There is nothing it is connected to the to the back door bell on any other chime. I changed chimes out just to be sure, it's not the chime. again the other 2 chimes ding dong as they are supposed to but his one does a sort of anemic ding. I double checked it at the transformer and when I short across the it goes the DING DONG like it is supposed to do but when all connected with the other two i just get DING!

what am I missing? I'm using the 16V/30VA side.


----------



## slownsteady (Mar 31, 2015)

Where did that dang "dong" go to?


----------



## pedaldoc (Mar 31, 2015)

slownsteady said:


> Where did that dang "dong" go to?



wish I knew. the fact that it works alone makes me wonder if even with the stronger transformer I'm not getting enough juice to the last chime. but why would only that 1 chime not work? and why does it work when it's in isolation!

I watch it as the button is pushed and the plunger goes down as it should but not enough to strike the lower bar and then comes up to ring the upper bar.

possible that I just bought cheap doorchimes? (they were $11 combo pack came with a transformer I didn't use). they are Heath-Zenith Dw-27102 contractor bell kit.


----------



## nealtw (Mar 31, 2015)

Try it with a length wire to prove that it isn't a problem with the wire to the door.?????????


----------



## pedaldoc (Mar 31, 2015)

nealtw said:


> Try it with a length wire to prove that it isn't a problem with the wire to the door.?????????


  meaning what?
if I ring the bell. 2 of the 3 chimes ring correctly, this new chime only rings once.
the plunger moves but not enough to contact the lower bar.

if I short the chime across the transformer in isolation it rings 2 times. so that implies that it's not the run to the chime from the transformer and the fact the other 2 ring correctly implies that the button run is good.
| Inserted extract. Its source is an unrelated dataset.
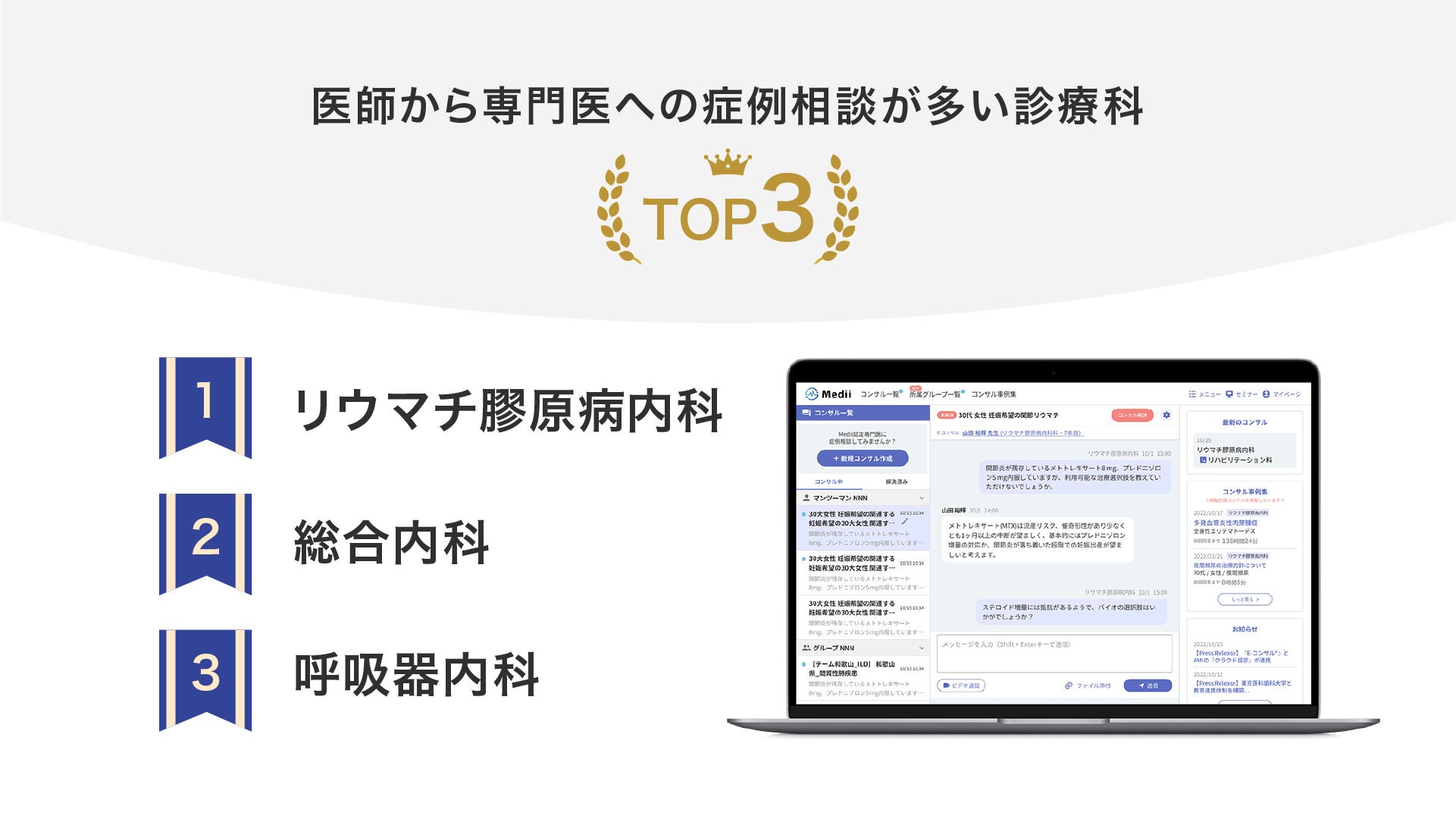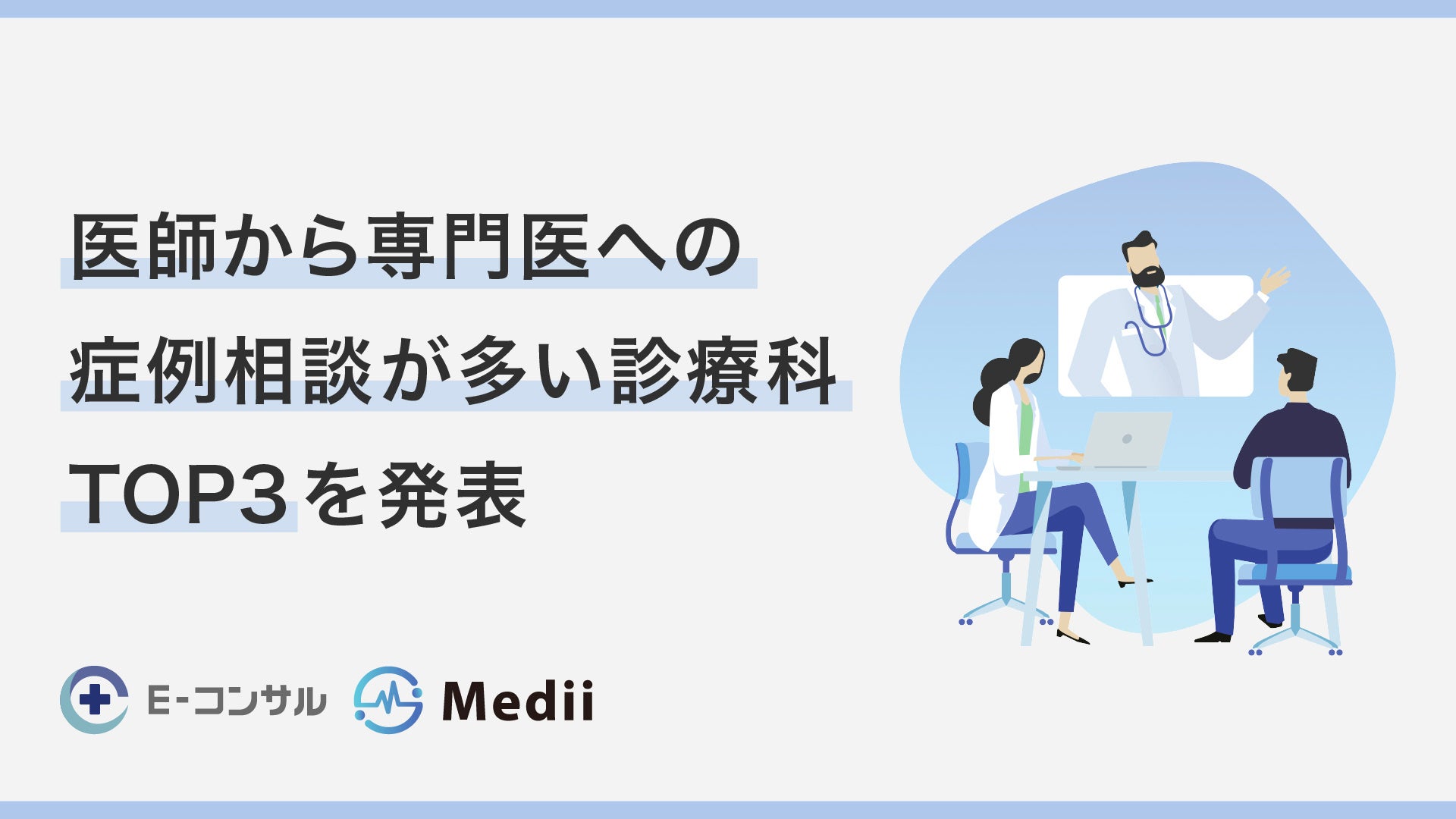 医師専用オンライン専門医相談サービス『E-コンサル®︎』を提供する株式会社Medii(東京都渋谷区、代表取締役医師:山田裕揮、以下Medii)は、E-コンサルに投稿された症例相談データより集計した、医師から専門医への症例相談が多い診療科ランキング上位3つを発表します。

I have the 3rd one connected at the transformer so I have access to all the wire runs at that point.

so I know the run to the button is good and It appears the run to the 3rd chime is good ( i just ran it the other day), since it rings in isolation. I'm running a larger transformer and my other bells are louder but this one is just sad.


----------



## nealtw (Mar 31, 2015)

Ya.?????????


----------



## slownsteady (Mar 31, 2015)

could be a cheap chime, or it could be at the end of the circuit and low on juice. Try swapping positions.


----------